• _Input material_:
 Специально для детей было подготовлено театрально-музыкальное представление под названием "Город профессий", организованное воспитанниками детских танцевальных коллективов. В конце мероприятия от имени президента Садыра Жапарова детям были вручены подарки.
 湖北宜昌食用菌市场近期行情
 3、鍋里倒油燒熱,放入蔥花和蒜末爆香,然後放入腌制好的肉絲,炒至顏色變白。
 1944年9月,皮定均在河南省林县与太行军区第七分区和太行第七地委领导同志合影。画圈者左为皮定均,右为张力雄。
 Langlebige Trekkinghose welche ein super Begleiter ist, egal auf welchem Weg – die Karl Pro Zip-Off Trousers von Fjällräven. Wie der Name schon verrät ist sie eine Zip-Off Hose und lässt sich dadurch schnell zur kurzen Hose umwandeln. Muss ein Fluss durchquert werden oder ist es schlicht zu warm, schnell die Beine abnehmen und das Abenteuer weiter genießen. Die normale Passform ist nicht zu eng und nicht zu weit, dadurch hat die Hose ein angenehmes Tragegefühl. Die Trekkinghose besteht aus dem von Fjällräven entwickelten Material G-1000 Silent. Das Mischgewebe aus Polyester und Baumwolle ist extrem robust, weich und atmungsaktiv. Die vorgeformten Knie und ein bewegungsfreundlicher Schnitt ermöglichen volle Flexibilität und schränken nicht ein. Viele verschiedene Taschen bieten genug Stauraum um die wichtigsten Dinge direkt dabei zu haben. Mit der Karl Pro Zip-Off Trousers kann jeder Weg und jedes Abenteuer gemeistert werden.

* * *

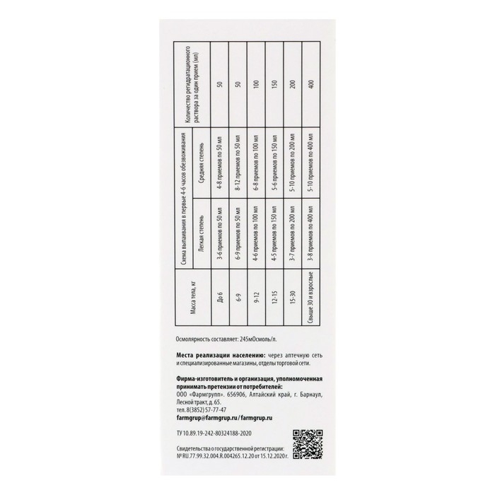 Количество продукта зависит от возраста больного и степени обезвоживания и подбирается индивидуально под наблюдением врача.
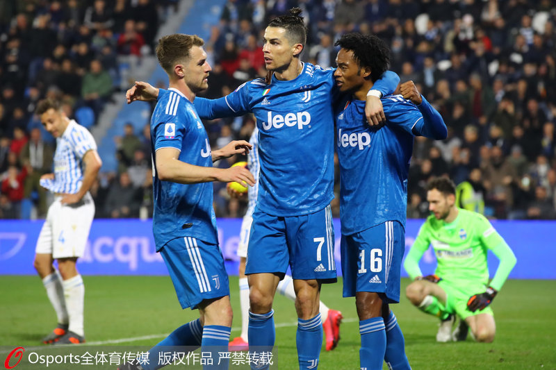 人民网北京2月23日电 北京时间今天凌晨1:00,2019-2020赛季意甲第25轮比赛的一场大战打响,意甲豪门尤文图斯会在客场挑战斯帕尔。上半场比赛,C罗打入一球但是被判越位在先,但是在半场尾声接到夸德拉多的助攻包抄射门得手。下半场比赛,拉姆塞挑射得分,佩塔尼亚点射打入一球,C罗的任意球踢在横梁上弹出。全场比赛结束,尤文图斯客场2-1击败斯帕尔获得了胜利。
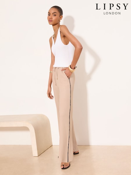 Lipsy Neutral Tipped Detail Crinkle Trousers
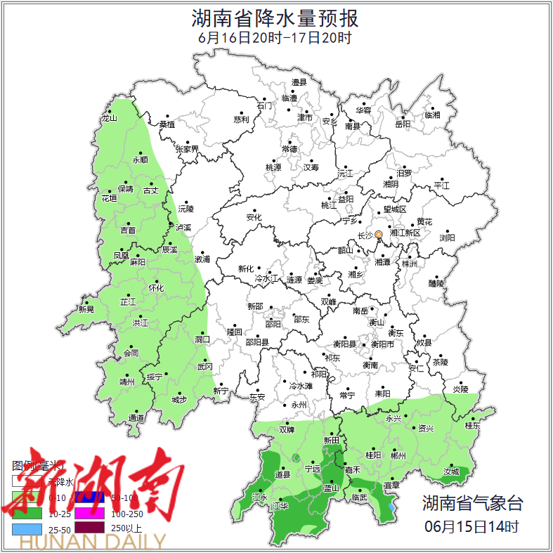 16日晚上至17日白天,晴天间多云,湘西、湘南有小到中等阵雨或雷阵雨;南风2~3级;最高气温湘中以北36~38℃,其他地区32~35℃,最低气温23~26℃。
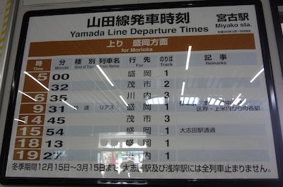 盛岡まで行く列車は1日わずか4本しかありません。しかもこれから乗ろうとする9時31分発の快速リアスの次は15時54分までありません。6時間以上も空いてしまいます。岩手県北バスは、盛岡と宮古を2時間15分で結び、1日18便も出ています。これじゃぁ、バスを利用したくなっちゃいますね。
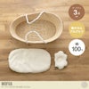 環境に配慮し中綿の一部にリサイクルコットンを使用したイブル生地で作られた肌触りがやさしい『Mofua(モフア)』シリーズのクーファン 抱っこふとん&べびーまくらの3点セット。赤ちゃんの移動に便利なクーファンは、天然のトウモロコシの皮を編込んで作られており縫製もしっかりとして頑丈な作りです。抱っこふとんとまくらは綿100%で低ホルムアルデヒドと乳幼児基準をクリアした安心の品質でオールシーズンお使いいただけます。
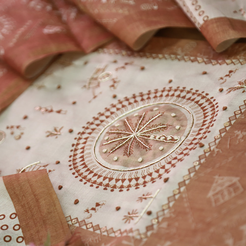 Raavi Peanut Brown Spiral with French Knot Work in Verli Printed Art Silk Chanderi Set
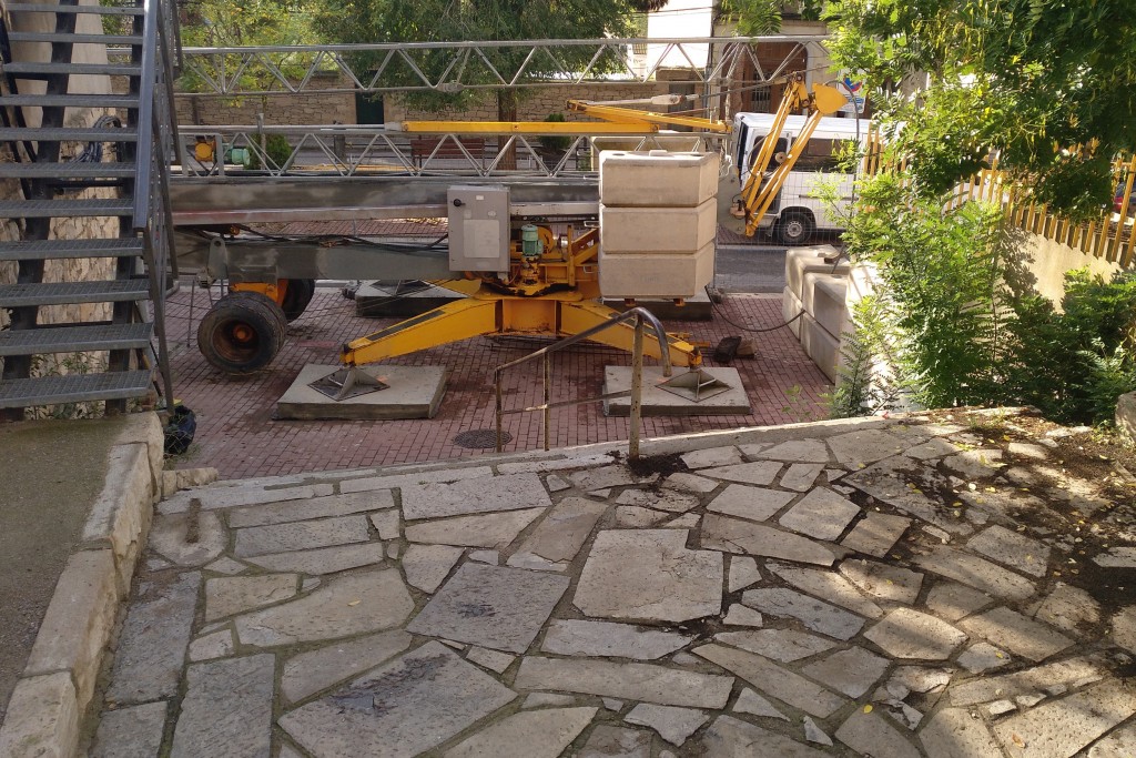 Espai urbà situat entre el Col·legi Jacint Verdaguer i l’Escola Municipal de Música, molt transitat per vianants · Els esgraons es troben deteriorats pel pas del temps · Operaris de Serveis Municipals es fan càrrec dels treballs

---

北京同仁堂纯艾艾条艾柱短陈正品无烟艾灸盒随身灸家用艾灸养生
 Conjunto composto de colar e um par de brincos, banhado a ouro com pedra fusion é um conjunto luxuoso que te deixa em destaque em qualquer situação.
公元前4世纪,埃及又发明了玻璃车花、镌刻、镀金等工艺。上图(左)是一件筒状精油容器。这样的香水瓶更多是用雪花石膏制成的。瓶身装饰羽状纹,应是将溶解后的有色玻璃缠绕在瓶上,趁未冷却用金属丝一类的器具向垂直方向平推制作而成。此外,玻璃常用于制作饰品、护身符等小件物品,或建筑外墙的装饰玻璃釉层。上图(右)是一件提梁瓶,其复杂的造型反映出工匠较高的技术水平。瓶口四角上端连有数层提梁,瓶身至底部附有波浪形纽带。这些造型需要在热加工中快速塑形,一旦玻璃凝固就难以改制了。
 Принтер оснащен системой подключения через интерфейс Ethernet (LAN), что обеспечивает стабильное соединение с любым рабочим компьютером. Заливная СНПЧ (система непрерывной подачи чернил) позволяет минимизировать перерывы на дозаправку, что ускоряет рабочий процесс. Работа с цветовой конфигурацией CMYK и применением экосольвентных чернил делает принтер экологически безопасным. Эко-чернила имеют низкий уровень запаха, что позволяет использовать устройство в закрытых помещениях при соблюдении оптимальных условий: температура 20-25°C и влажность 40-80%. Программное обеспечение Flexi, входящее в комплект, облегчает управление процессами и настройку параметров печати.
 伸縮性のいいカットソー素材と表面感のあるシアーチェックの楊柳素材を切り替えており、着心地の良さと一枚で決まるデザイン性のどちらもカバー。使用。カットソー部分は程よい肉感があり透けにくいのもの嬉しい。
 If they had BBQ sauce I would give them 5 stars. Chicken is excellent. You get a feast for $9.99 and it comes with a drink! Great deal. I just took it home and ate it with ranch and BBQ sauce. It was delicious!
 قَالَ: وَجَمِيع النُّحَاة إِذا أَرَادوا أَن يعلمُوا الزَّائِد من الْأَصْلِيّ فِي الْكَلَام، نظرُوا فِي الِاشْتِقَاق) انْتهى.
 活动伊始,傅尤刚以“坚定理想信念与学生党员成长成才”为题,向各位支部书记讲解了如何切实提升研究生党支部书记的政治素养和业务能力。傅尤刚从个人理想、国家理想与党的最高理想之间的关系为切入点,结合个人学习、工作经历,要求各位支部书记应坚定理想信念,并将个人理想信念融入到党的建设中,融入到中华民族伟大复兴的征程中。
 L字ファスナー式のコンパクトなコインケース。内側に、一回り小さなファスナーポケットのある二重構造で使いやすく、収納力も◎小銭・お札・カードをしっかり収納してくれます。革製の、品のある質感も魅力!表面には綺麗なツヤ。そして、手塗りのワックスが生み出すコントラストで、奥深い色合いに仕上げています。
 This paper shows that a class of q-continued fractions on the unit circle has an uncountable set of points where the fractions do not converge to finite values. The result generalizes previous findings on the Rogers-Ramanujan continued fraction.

• _What is expected_:
Give back the records above exactly, limited to the lines between the one holding "Специально для детей" and the one holding "1944年9月,皮定均在河南", inclusive.

• _Result below_:
 Специально для детей было подготовлено театрально-музыкальное представление под названием "Город профессий", организованное воспитанниками детских танцевальных коллективов. В конце мероприятия от имени президента Садыра Жапарова детям были вручены подарки.
 湖北宜昌食用菌市场近期行情
 3、鍋里倒油燒熱,放入蔥花和蒜末爆香,然後放入腌制好的肉絲,炒至顏色變白。
 1944年9月,皮定均在河南省林县与太行军区第七分区和太行第七地委领导同志合影。画圈者左为皮定均,右为张力雄。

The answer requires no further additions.